YOUR GOAL ::
From the records below, print only the part that opens with the line containing "Elevate your style" and closes with the line containing "Das nannte man"; omit the pictures.

Stored data entries:
BEGIN
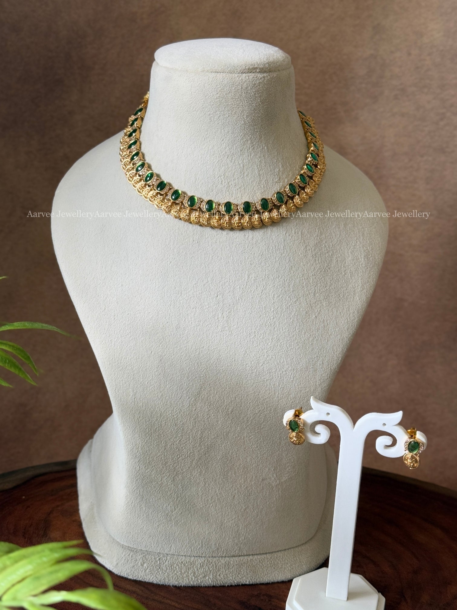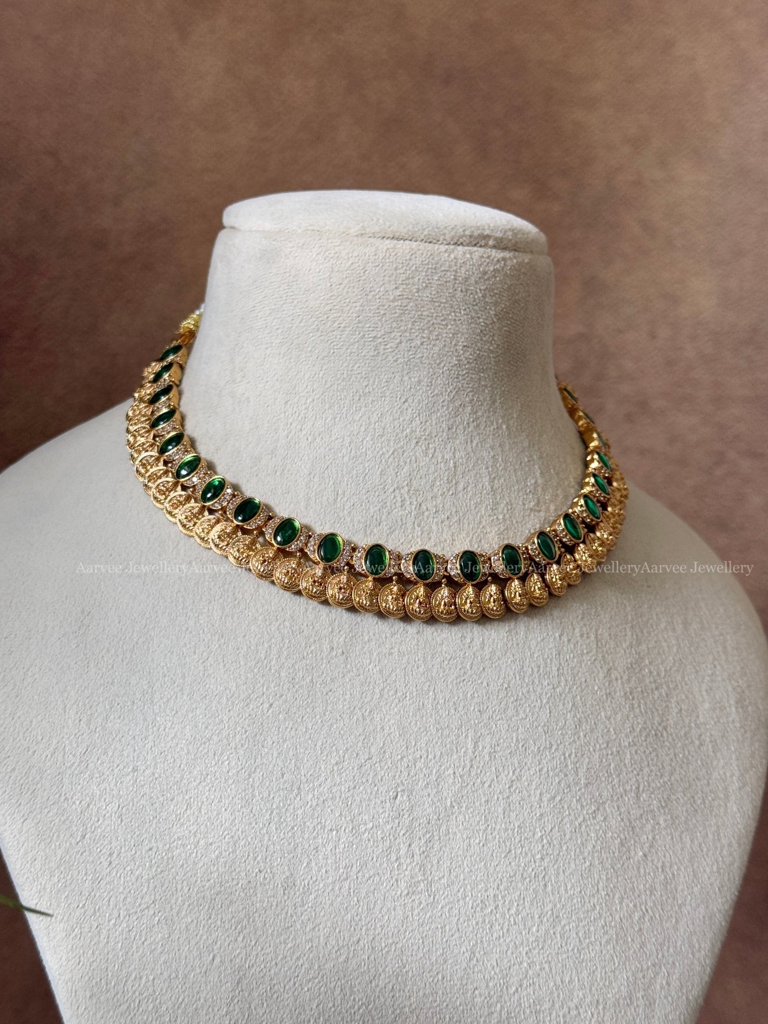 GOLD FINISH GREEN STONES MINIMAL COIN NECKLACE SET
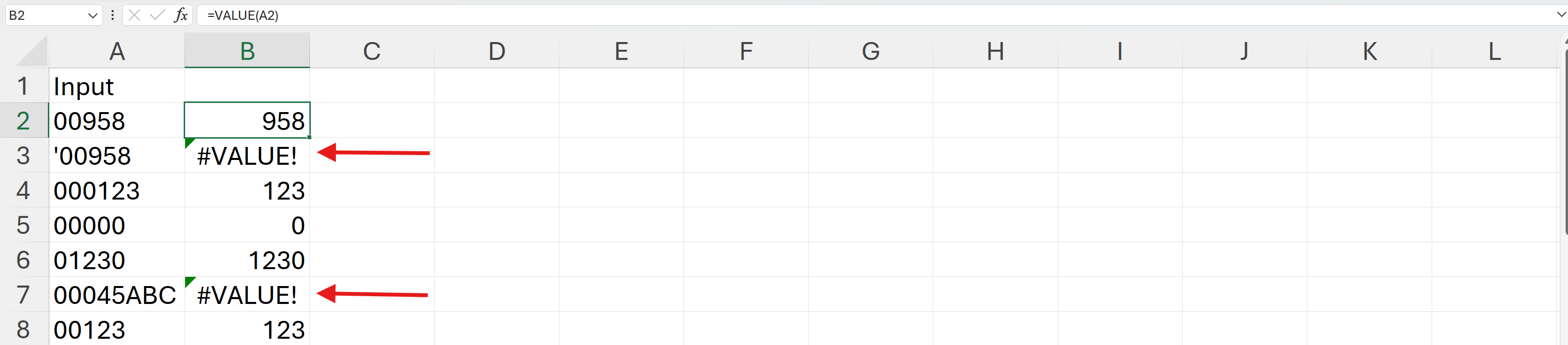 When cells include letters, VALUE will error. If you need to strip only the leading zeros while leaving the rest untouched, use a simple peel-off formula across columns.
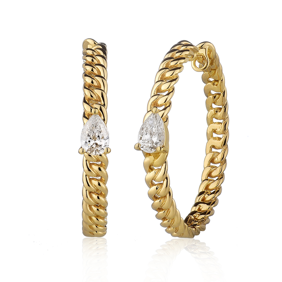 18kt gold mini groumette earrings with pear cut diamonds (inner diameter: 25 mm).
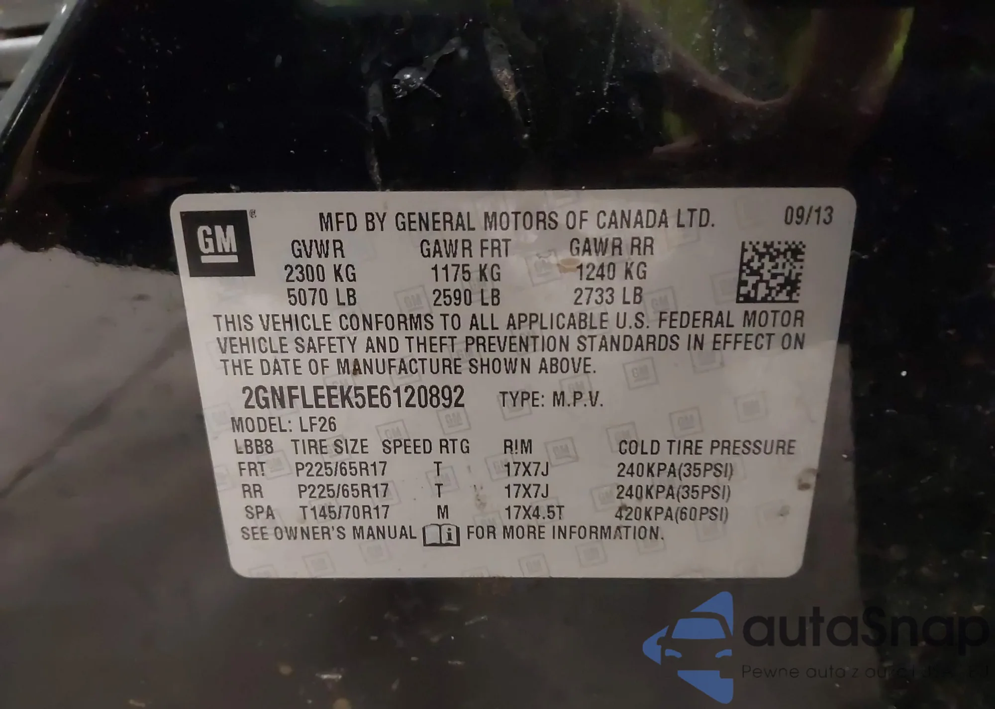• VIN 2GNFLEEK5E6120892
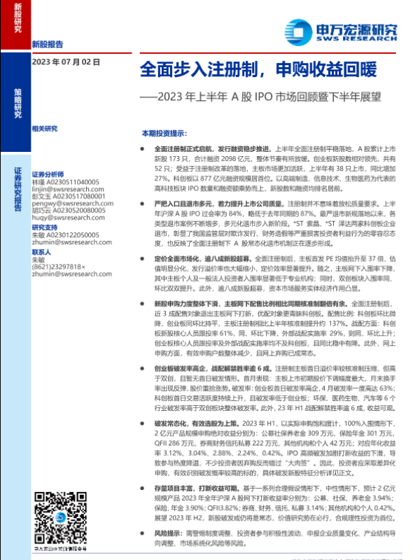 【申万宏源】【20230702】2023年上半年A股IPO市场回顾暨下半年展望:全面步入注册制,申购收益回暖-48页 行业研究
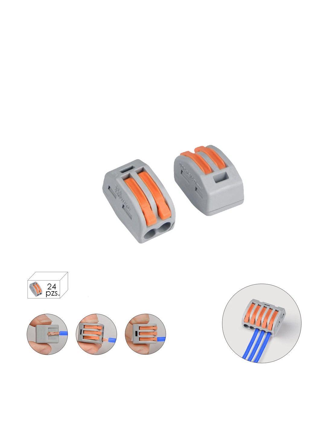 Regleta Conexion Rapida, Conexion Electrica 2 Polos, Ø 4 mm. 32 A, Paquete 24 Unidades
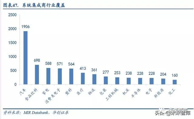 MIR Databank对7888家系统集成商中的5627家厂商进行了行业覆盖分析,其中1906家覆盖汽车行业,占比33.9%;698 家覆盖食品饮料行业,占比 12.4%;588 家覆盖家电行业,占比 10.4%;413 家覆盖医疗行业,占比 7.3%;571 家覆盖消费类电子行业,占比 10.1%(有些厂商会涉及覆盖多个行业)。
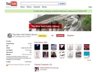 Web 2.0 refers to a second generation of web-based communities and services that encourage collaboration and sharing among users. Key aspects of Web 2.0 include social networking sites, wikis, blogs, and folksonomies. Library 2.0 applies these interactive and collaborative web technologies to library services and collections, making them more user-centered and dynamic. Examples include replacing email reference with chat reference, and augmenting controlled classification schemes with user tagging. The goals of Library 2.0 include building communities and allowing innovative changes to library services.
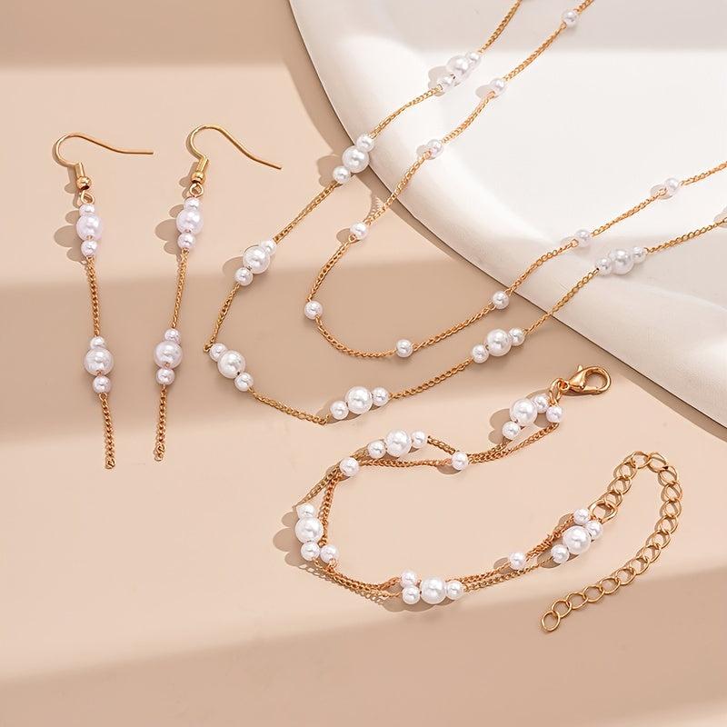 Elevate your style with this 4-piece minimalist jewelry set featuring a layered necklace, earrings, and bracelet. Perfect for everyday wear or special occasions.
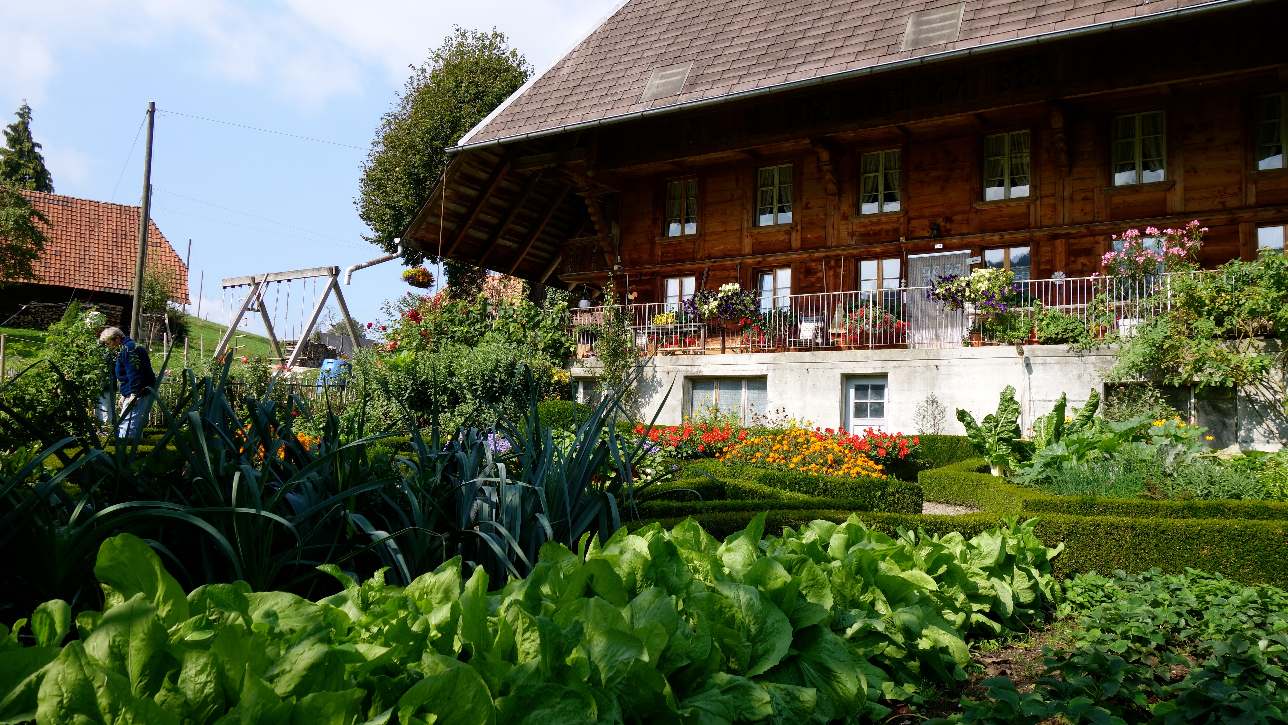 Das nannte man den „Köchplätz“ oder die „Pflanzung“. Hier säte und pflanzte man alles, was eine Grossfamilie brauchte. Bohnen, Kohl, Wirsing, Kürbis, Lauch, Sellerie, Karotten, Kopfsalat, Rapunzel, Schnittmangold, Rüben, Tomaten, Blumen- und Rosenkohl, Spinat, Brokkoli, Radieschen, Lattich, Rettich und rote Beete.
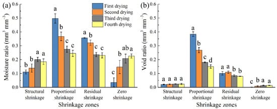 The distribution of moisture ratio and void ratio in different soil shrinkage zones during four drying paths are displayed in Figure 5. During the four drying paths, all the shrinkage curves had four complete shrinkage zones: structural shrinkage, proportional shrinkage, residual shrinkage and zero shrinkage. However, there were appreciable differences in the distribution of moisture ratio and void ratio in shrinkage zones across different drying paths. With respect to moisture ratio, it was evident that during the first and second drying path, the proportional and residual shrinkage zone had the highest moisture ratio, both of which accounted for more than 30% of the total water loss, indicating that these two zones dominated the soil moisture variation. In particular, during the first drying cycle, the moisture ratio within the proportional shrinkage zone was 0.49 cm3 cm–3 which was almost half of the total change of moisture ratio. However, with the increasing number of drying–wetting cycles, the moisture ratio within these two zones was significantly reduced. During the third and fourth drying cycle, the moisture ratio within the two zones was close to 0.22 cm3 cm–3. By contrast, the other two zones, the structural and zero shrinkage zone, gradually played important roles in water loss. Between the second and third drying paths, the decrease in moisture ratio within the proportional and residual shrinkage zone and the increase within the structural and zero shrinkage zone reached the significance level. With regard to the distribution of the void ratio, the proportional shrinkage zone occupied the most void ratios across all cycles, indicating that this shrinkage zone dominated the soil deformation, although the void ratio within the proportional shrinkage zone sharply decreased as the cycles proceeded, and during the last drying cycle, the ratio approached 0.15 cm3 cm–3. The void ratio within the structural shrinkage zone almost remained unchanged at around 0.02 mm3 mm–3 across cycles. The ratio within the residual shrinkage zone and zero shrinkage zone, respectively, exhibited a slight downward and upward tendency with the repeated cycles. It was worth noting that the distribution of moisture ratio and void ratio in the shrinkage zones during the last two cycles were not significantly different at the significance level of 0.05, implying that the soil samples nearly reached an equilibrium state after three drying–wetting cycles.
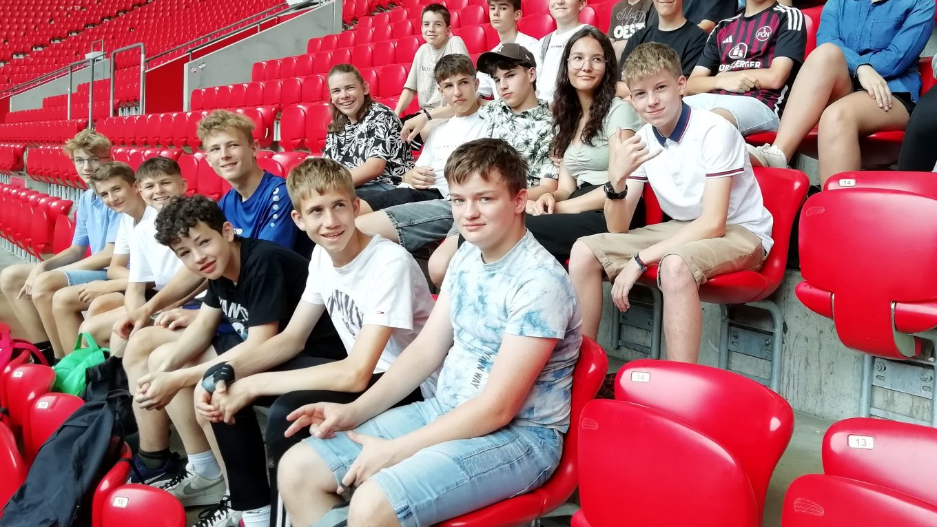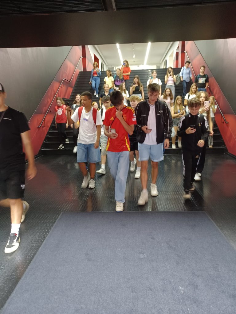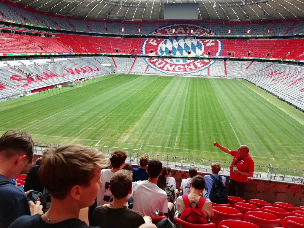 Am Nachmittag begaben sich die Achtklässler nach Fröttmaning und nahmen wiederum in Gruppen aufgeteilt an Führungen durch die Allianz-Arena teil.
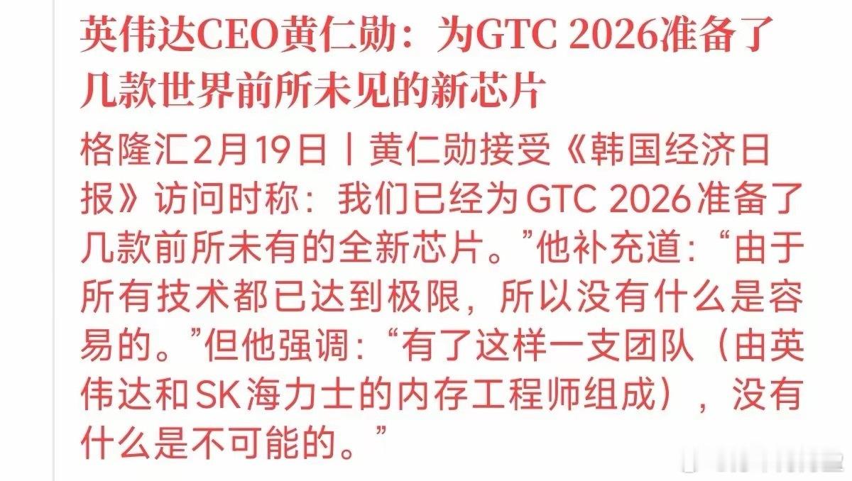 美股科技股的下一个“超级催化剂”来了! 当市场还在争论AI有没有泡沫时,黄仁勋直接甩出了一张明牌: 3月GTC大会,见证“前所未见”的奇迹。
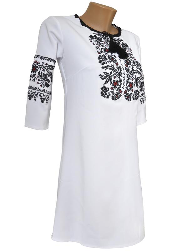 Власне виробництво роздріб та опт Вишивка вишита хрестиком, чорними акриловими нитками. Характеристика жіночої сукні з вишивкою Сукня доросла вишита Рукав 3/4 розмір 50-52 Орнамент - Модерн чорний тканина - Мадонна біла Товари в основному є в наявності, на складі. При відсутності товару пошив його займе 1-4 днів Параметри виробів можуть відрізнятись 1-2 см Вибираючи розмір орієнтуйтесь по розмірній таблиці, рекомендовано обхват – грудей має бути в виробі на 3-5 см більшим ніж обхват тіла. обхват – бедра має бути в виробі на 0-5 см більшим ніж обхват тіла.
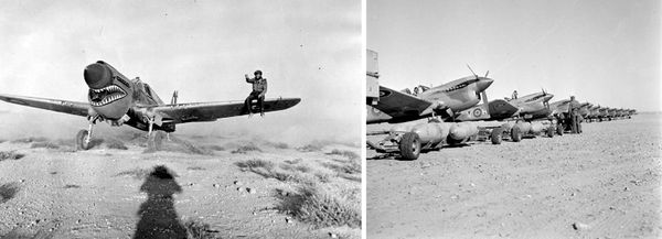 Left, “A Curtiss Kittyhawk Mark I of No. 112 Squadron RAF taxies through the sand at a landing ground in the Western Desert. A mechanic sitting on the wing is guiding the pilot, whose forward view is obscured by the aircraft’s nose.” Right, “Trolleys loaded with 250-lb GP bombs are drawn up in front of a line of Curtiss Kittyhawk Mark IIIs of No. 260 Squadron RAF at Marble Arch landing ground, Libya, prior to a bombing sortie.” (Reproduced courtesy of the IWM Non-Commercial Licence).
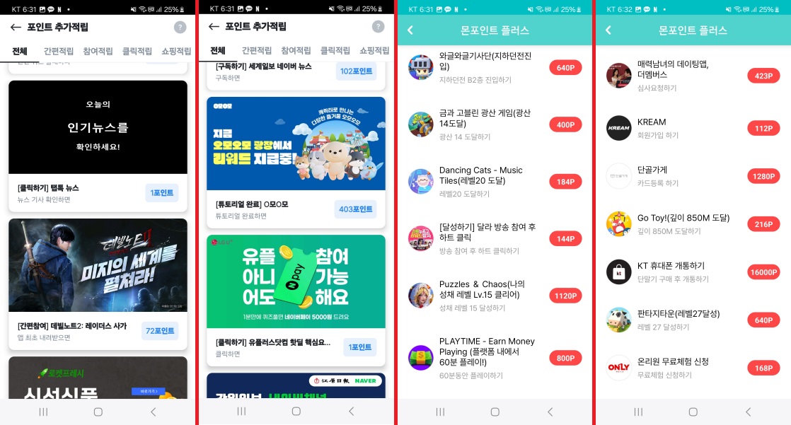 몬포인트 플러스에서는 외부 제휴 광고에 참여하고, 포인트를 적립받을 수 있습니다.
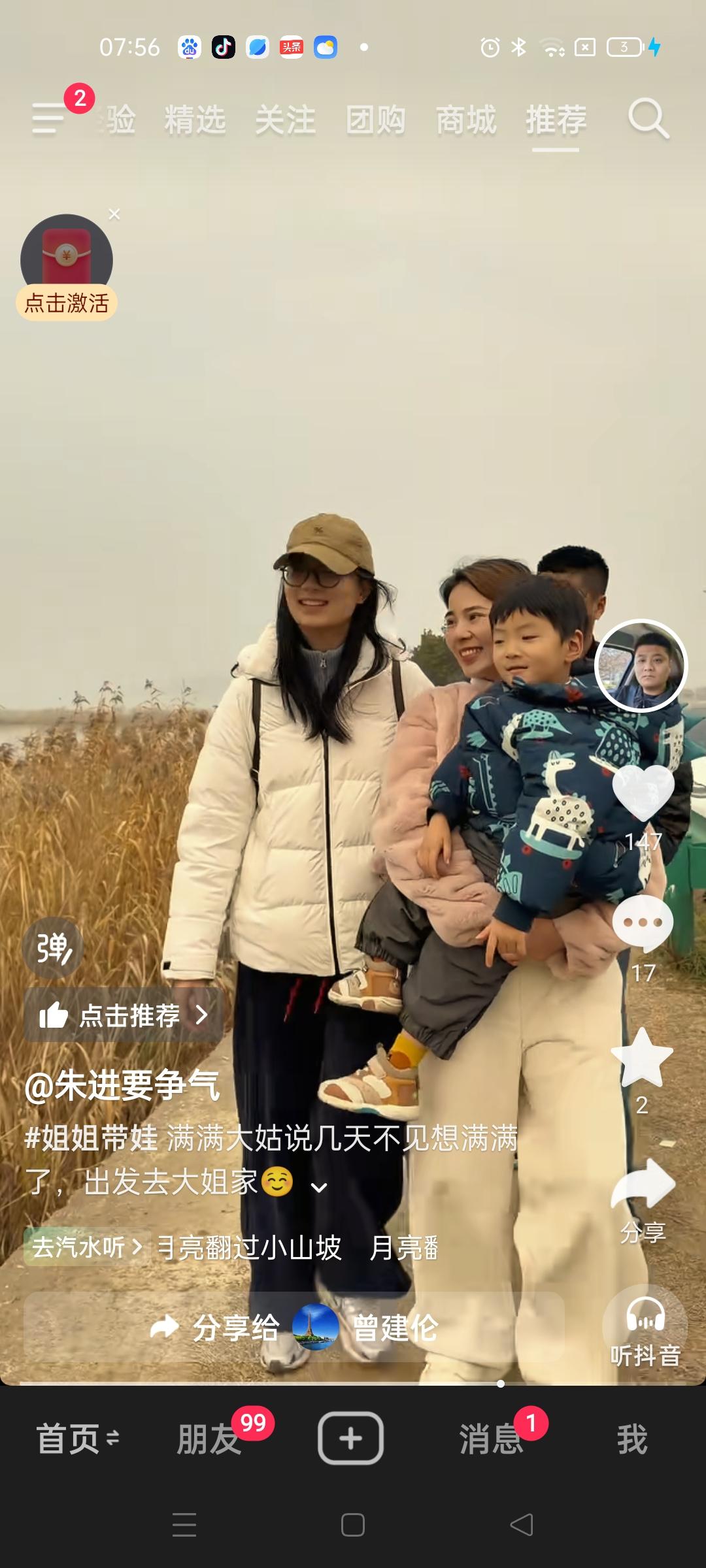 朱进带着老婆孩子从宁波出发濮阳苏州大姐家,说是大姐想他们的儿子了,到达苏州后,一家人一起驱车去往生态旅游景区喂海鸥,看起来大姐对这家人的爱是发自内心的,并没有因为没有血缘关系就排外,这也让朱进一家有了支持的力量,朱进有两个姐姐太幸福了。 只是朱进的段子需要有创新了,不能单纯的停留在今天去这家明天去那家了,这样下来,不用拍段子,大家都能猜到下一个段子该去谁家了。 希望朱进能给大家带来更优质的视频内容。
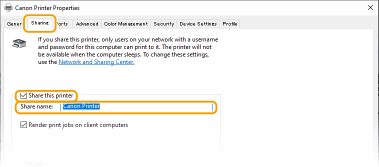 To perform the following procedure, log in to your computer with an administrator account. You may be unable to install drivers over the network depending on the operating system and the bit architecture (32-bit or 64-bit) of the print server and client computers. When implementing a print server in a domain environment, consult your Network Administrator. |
END
ANSWER SPACE ::
 Elevate your style with this 4-piece minimalist jewelry set featuring a layered necklace, earrings, and bracelet. Perfect for everyday wear or special occasions.
 Das nannte man den „Köchplätz“ oder die „Pflanzung“. Hier säte und pflanzte man alles, was eine Grossfamilie brauchte. Bohnen, Kohl, Wirsing, Kürbis, Lauch, Sellerie, Karotten, Kopfsalat, Rapunzel, Schnittmangold, Rüben, Tomaten, Blumen- und Rosenkohl, Spinat, Brokkoli, Radieschen, Lattich, Rettich und rote Beete.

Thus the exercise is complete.